DATA EXTRACT:
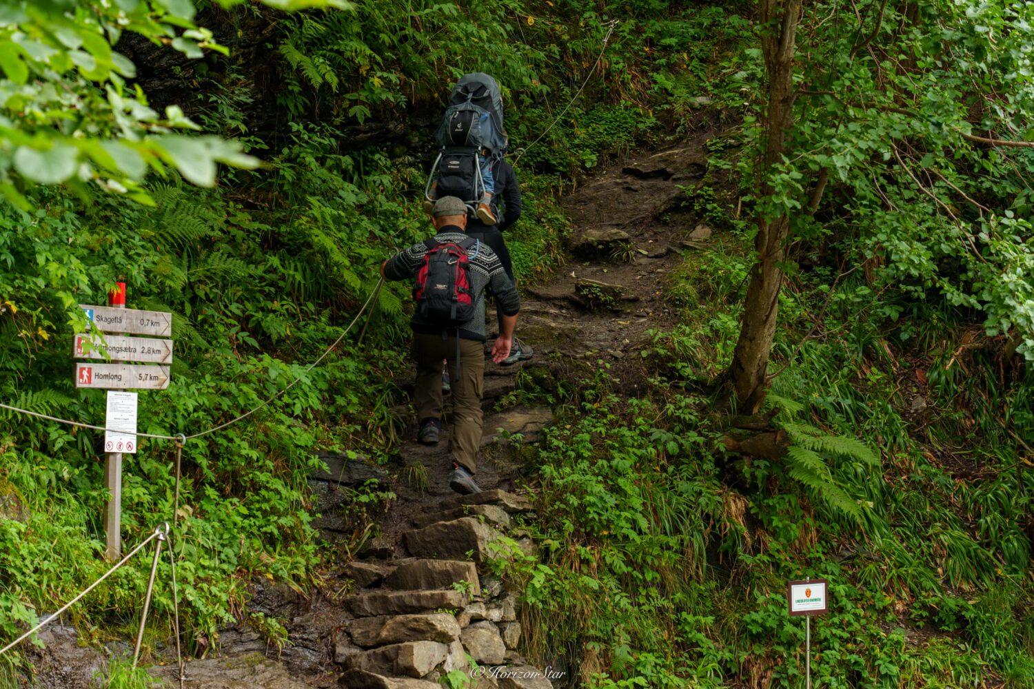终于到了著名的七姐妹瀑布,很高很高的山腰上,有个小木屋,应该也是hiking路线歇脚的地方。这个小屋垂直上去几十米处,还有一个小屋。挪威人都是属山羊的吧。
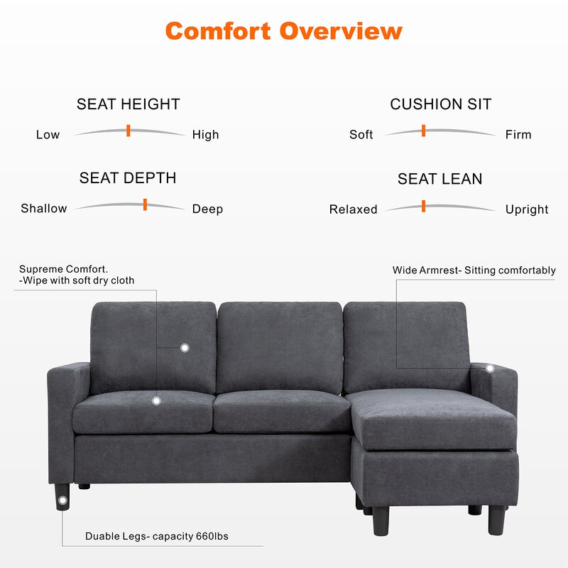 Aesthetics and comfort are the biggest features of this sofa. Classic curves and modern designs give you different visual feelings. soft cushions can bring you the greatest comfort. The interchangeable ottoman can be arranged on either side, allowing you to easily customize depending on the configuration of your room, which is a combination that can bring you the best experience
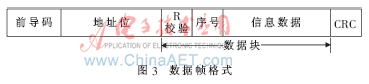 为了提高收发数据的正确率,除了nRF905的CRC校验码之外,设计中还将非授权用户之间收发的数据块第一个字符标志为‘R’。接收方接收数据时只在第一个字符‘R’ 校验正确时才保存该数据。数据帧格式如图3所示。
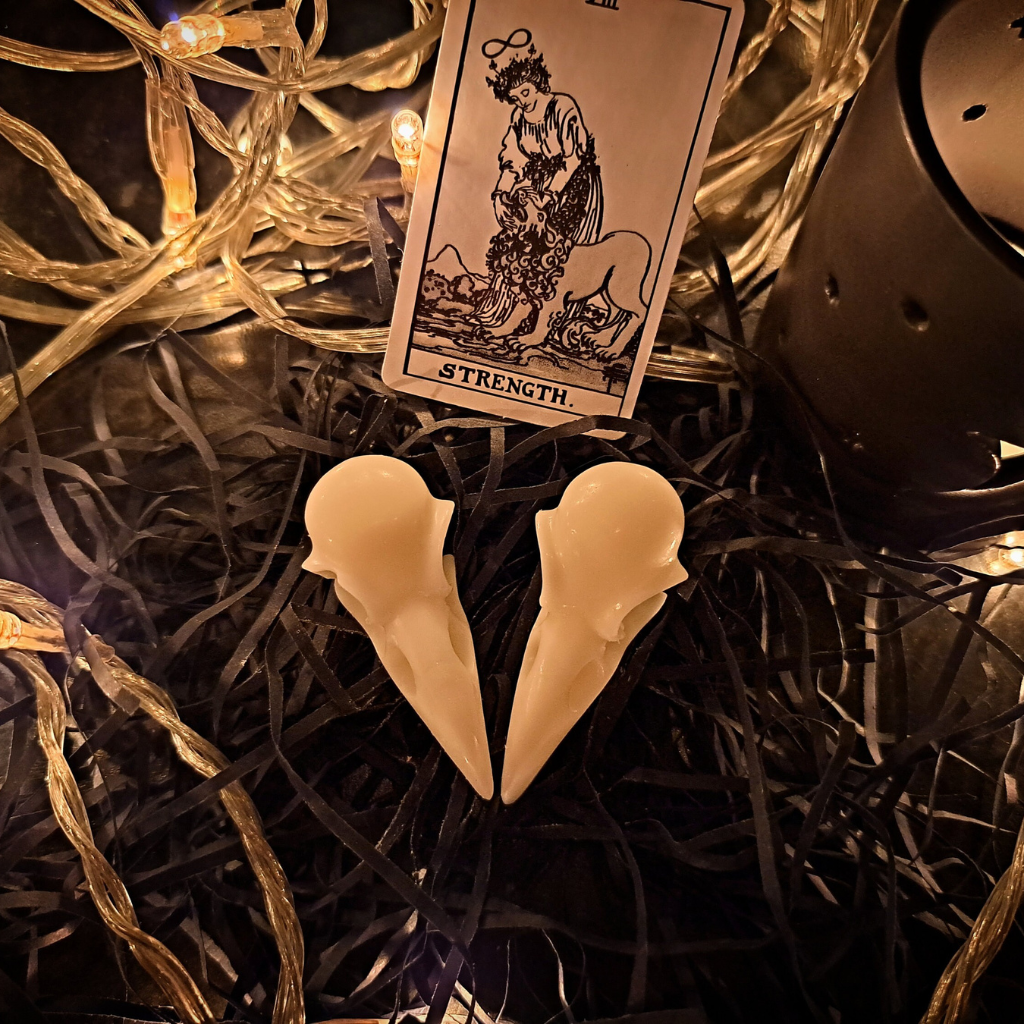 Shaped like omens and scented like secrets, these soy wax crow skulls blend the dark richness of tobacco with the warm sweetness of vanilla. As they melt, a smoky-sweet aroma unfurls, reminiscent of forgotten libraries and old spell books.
...
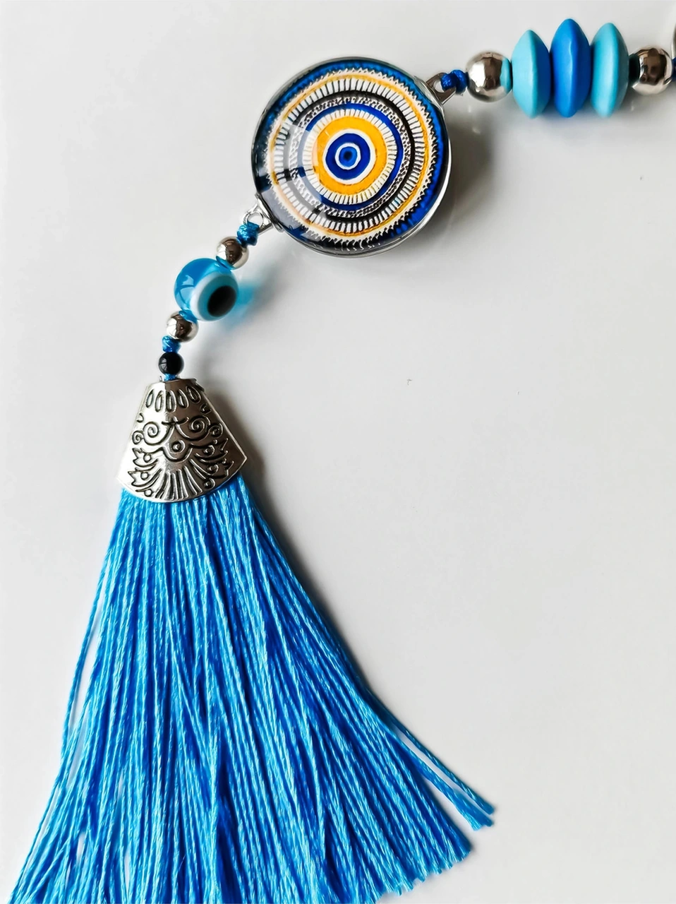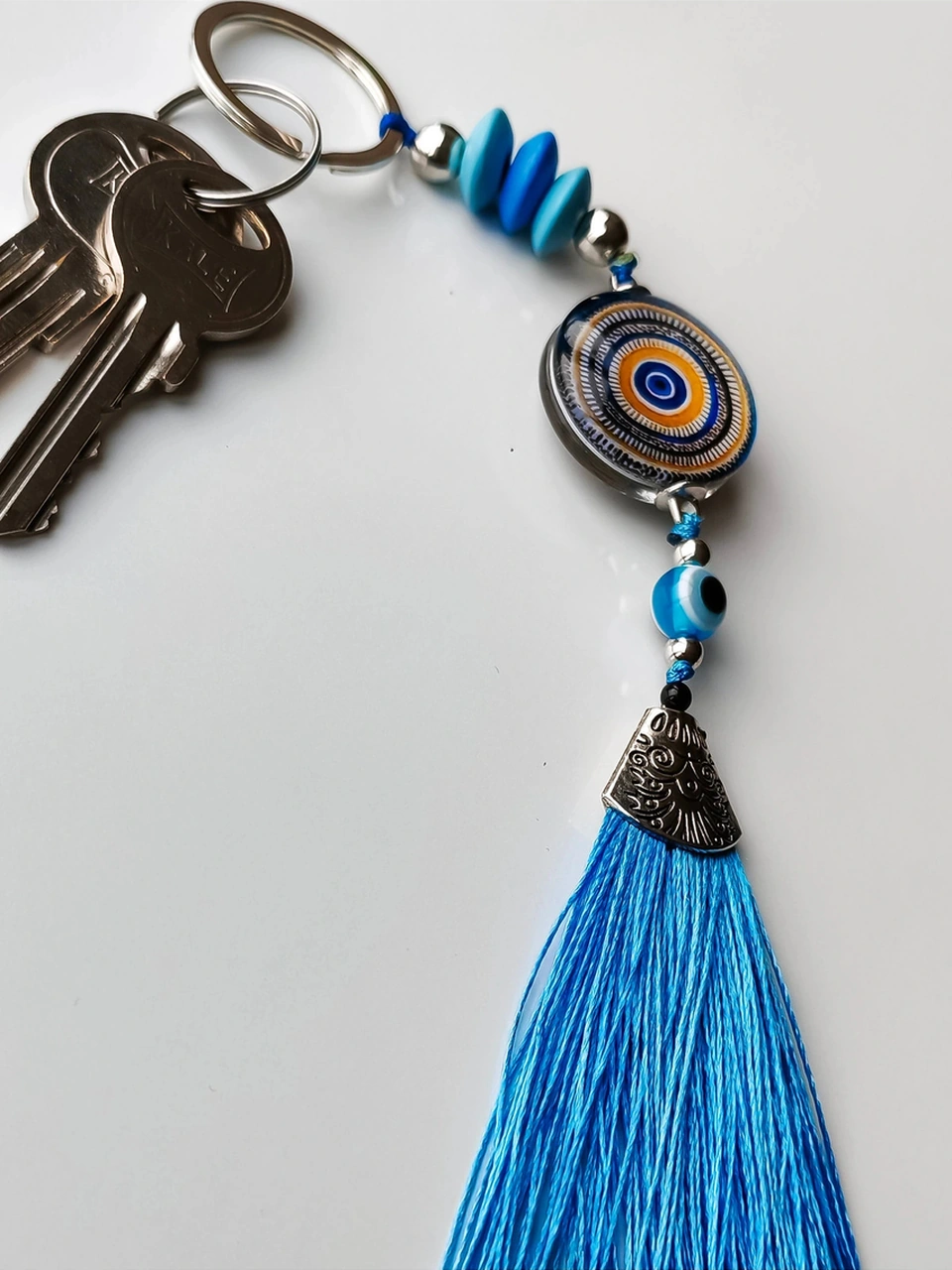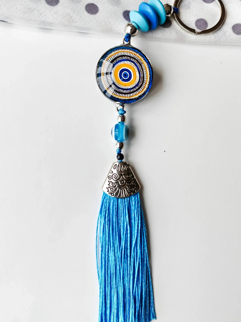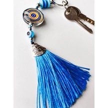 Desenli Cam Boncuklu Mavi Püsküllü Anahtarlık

YOUR OBJECTIVE: With the pictures removed, print only the lines starting at the line that has "为了提高收发数据的正确率,除" and ending at the line that has "Shaped like omens", both ends included, exactly as they stand above.

ANSWER SPACE:
 为了提高收发数据的正确率,除了nRF905的CRC校验码之外,设计中还将非授权用户之间收发的数据块第一个字符标志为‘R’。接收方接收数据时只在第一个字符‘R’ 校验正确时才保存该数据。数据帧格式如图3所示。
 Shaped like omens and scented like secrets, these soy wax crow skulls blend the dark richness of tobacco with the warm sweetness of vanilla. As they melt, a smoky-sweet aroma unfurls, reminiscent of forgotten libraries and old spell books.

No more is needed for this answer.